**Exercise description:** Lines from the one containing "NO.10 NB | |||" through the last line of the data are to be returned exactly, both ends included, minus any pictures.

**Supplied data:**

■ ■ ■ ■ ■

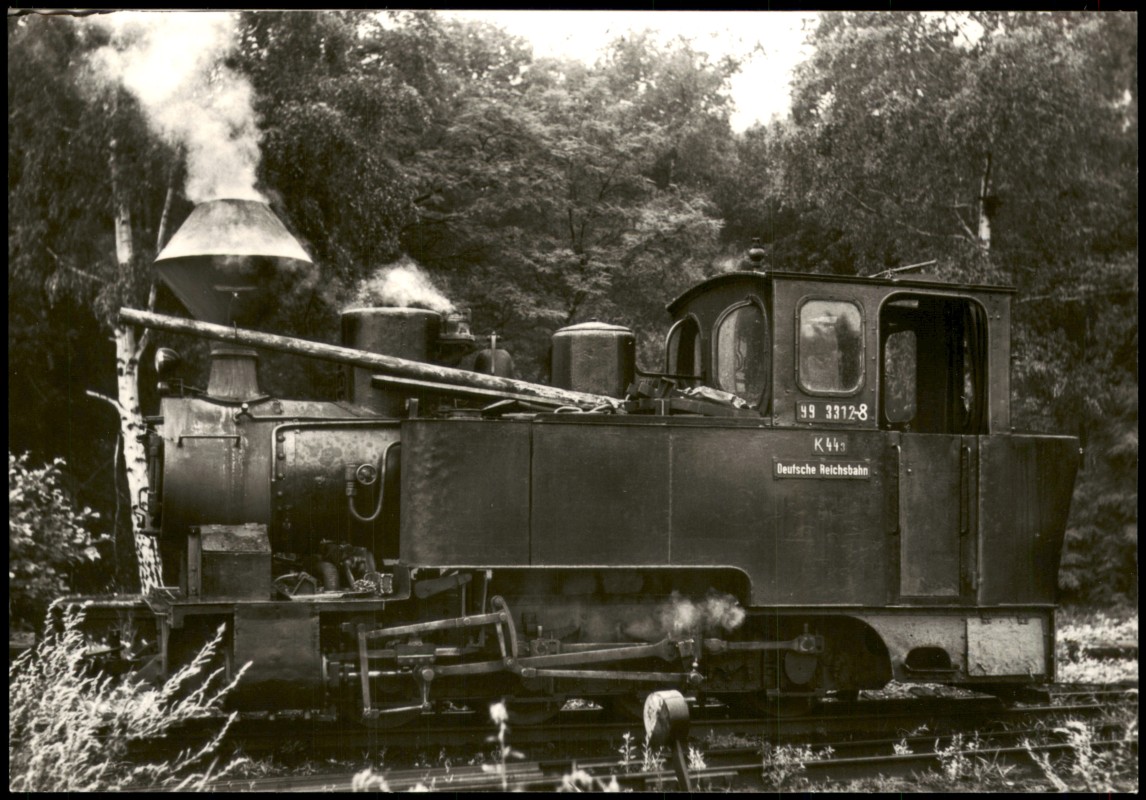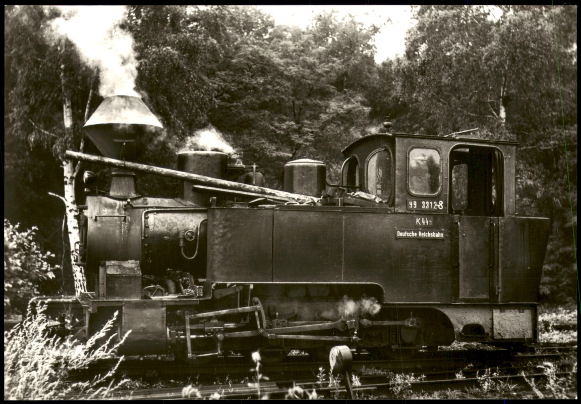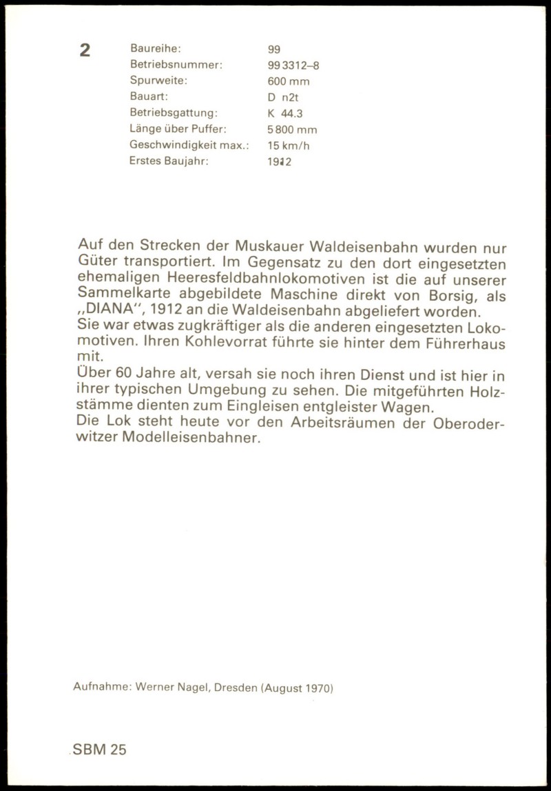 - Baureihe: Betriebsnummer: Spurweite: Bauart: Betriebsgattung: Länge über Puffer: Geschwindigkeit max.: Erstes Baujahr: 99 99 3312-8 600 mm D n2t K 44.3 5800 mm 15 km/h 1912 99 3312-8 K443 Deutsche Reichsbahn Auf den Strecken der Muskauer Waldeisenbahn wurden nur Güter transportiert. Im Gegensatz zu den dort eingesetzten ehemaligen Heeresfeldbahnlokomotiven ist die auf unserer Sammelkarte abgebildete Maschine direkt von Borsig, als ,,DIANA", 1912 an die Waldeisenbahn abgeliefert worden. Sie war etwas zugkräftiger als die anderen eingesetzten Loko- motiven. Ihren Kohlevorrat führte sie hinter dem Führerhaus mit. Über 60 Jahre alt, versah sie noch ihren Dienst und ist hier in ihrer typischen Umgebung zu sehen. Die mitgeführten Holz- stämme dienten zum Eingleisen entgleister Wagen. Die Lok steht heute vor den Arbeitsräumen der Oberoder- witzer Modelleisenbahner. Aufnahme: Werner Nagel, Dresden (August 1970) SBM 25
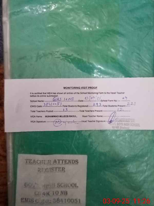 | EMIS Code: 38410051 | Name of School: GHS CHAK NO.10 NB | |||
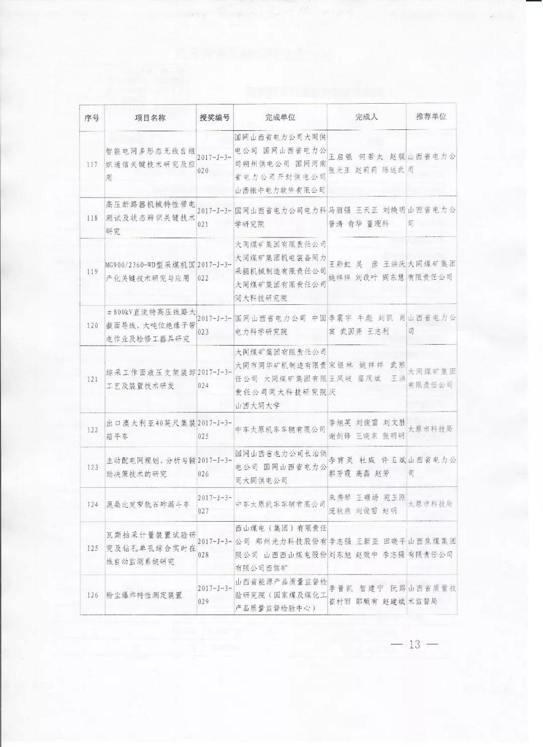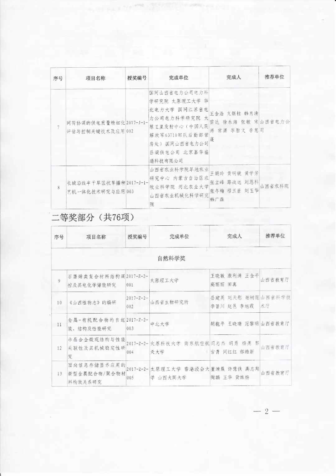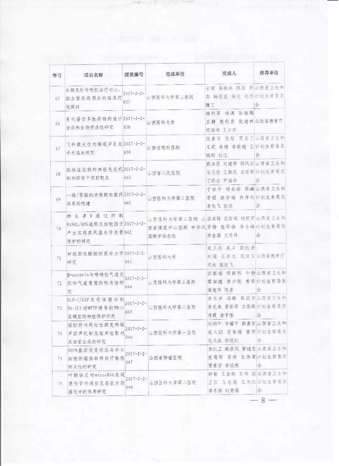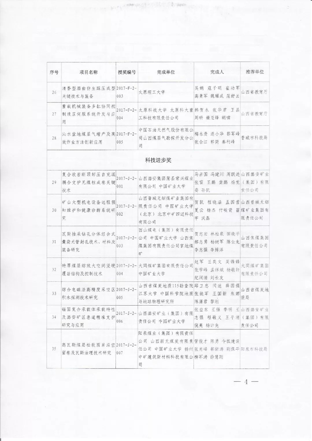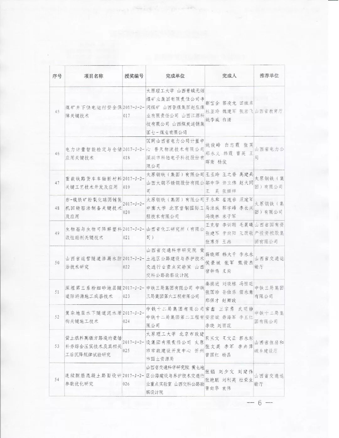 山西省人民政府 关于2017年度山西省科学技术奖励的决定

■ ■ ■ ■ ■

**Solution below:**
 | EMIS Code: 38410051 | Name of School: GHS CHAK NO.10 NB | |||
 山西省人民政府 关于2017年度山西省科学技术奖励的决定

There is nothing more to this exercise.